I ran across this interesting Associated Press article that attempts to put the recent popularity of books by the No-God Squad (Harris, Dawkins, Dennett, Hitchens, et al) into a context of atheist panic.

Cited in the article is Richard Mouw, the president of Fuller Theological Seminary, who suggests that "it's almost like they all had a meeting and said, 'Let's counterattack.'"

In some ways this characterization is apt- the escalation of terrorism conducted by Muslim extremists directly motivated Sam Harris, and has been used extensively by the rest of the squad to point out the dangers associated with uncritical superstitious thought. But these arguments have been around for as long as atheism- is there any explanation for their new popularity?

According to Christopher Hitchens, "There are a lot of people, in this country in particular, who are fed up with endless lectures by bogus clerics and endless bullying."

But Douglas Wilson, a theological fellow at St. Andrews College, says that the books reflect a "secular panic," in which "nonbelievers are finally realizing that, contrary to what they were taught in college, faith is not dead."

I wonder which college course that was taught in... "Blowing Smoke 101?" Any objective observer of American culture doesn't need Wilson's chuckling reassurance that faith is alive and well.

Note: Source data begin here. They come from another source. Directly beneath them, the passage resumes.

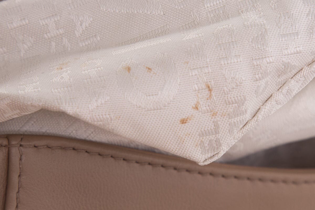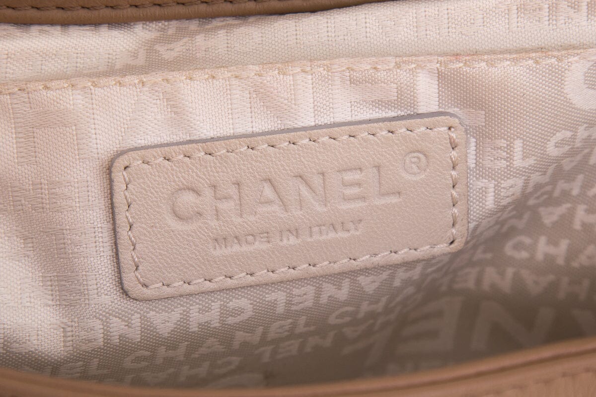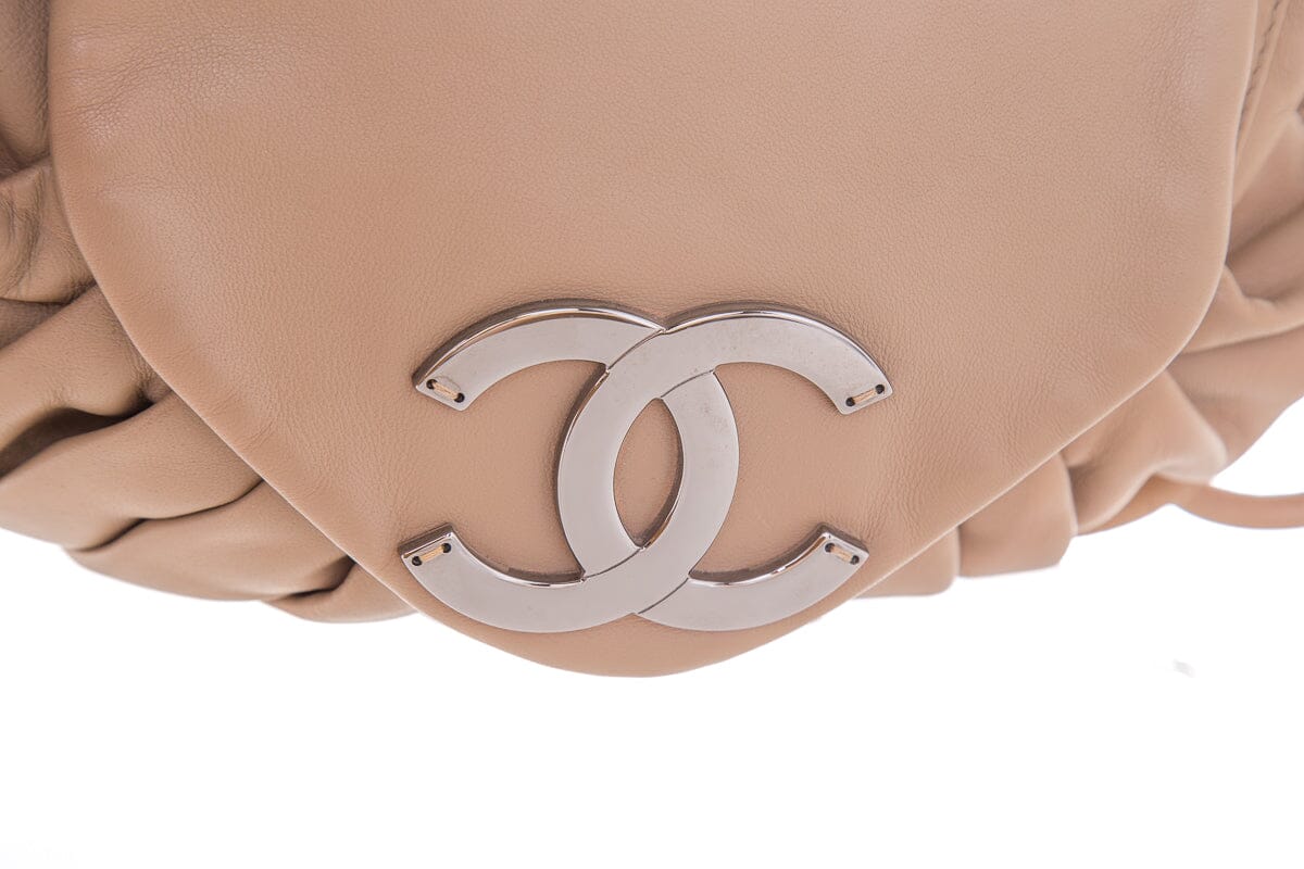 Chanel Taupe Accordion Pleat Lambskin Leather Shoulder Ba. This item is in very good condition; some scratching on hardware and marks on lining.
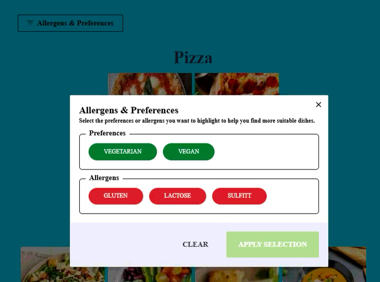 Articles in the menu can be tagged with “Allergens and preferences” from OPEN Backoffice. The tags can be used for filtering the menu in OPEN Express.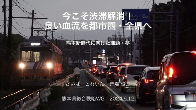 県民としてみなさんに望み、一緒に議論したいこと ①熊本の交通問題は「解決可能」であり、「今」すべきことであること 行政施策全体の中での優先順位を上げ、交通という「血流」を良くすることが交通だけでなく環境や安全など 他の県民課題の解決やさらなる地域価値の向上、創造につながる近道であることを県民・事業者・行政が共有 できる状況を作りましょう。 ②「あるべき姿」をぶらさず考えること 担い手問題など障壁がありますが、現実に萎縮して目標や計画を小さく作ることを避けましょう。 (=永遠に課題解決しない) 課題解決のためには「何を」「どう」「どれだけ」すればよいのかを考えていきましょう。 ③「お金の問題」から逃げないこと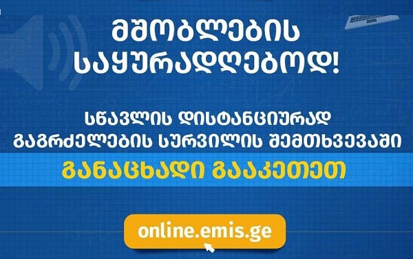 მოსწავლეების მშობლებს ონლაინ სწავლებაზე რეგისტრაციის შესაძლებლობა ექნებათ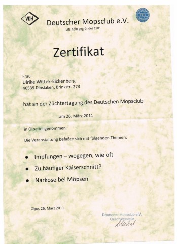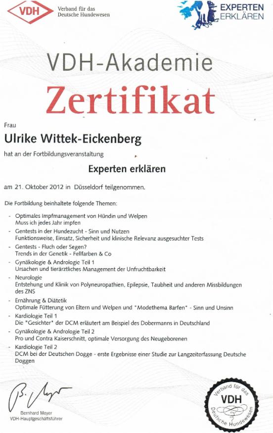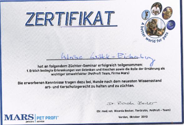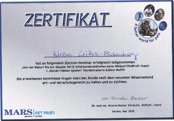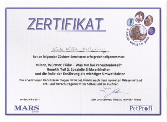 Diese Mitgliedschaft ist zum Wohle aller Hunde, aber auch für meine Zucht, so bin ich immer auf dem Neusten Stand, und habe neben meinen eigenen Haustierärzten immer kompetente Partner an meiner Seite.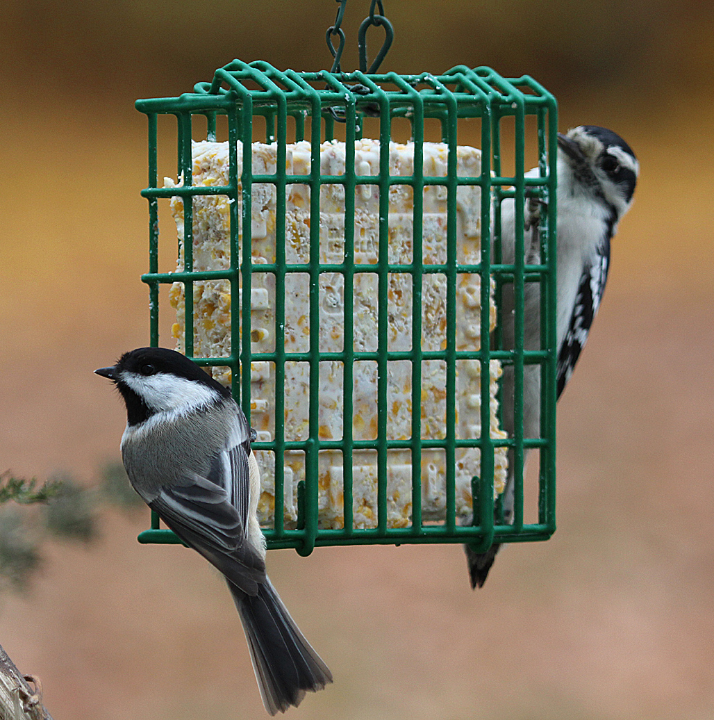 A Black-capped Chickadee and Downy Woodpecker share the suet feeder, Nov. 16, 2014.
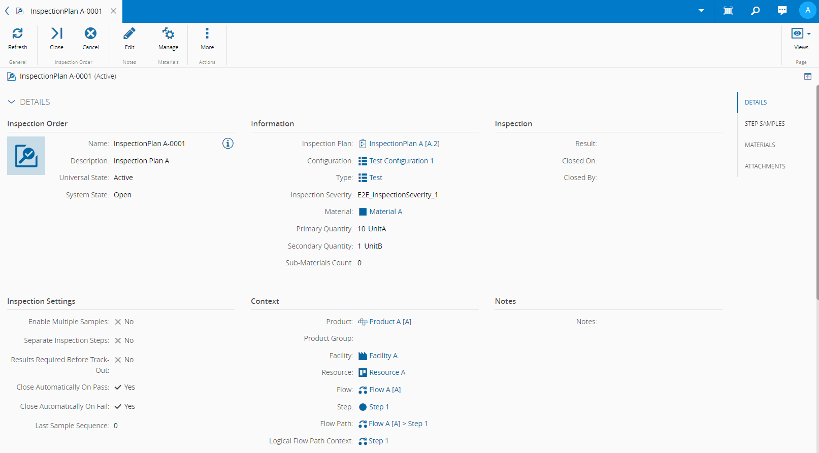 - Step Samples - displays information on the Step Material Samples associated to the Inspection Order.

Although Wilson's claim that the continued influence of creationism and religious opposition to stem cell research are a source of dismay to nonbelievers, these are also nothing new.

Christian Smith, a professor of sociology at Notre Dame, offers that "there is this general sense that evangelicals have really gained a lot of power in the United States, and the Bush administration seems to represent that in some significant ways."

But again, evangelicals have been exercising political power in this country for decades- ever since Jerry Falwell's now-defunct Moral Majority first organized.

Richard Mouw suggests that some of the blame for the supposed backlash should be laid at Christians' feet: "We have done a terrible job of presenting our perspective as a plausible worldview that has implications for public life and for education, presenting that in a way that is sensitive to the concerns of people who may disagree. Whatever may be wrong with Christopher Hitchens' attacks on religious leaders, we have certainly already matched it in our attacks."

This is unintentionally insulting - the implication is that if only the Christian message was articulated better, atheists wouldn't have a problem with it. Or interpreted another way, atheists are just too stupid to recognize that Christianity is beneficial unless it's dumbed down enough for us to understand. Save the effort, guys - most of us know more about Christianity than you do. It's not the packaging that turns us off - we've actually tried what's in the box.

So, apparently, the best Christians can offer for the growing popularity of atheism is 1) misplaced fear of terrorism, 2) the discovery of religious influence in politics, 3) atheists have misunderstood the Christian message. Ironically, a reasonable explanation can be found at the end of the article, with the observation that interest in religiously-themed books has been growing over the past 15 years, and thus atheism-themed books are bound to enjoy some increased attention as well. To that, I would add that the waning influence of religious institutions in this country has resulted in a large number of people who are either sympathetic to atheism, or disenchanted enough with religion to find such books a worthwhile read.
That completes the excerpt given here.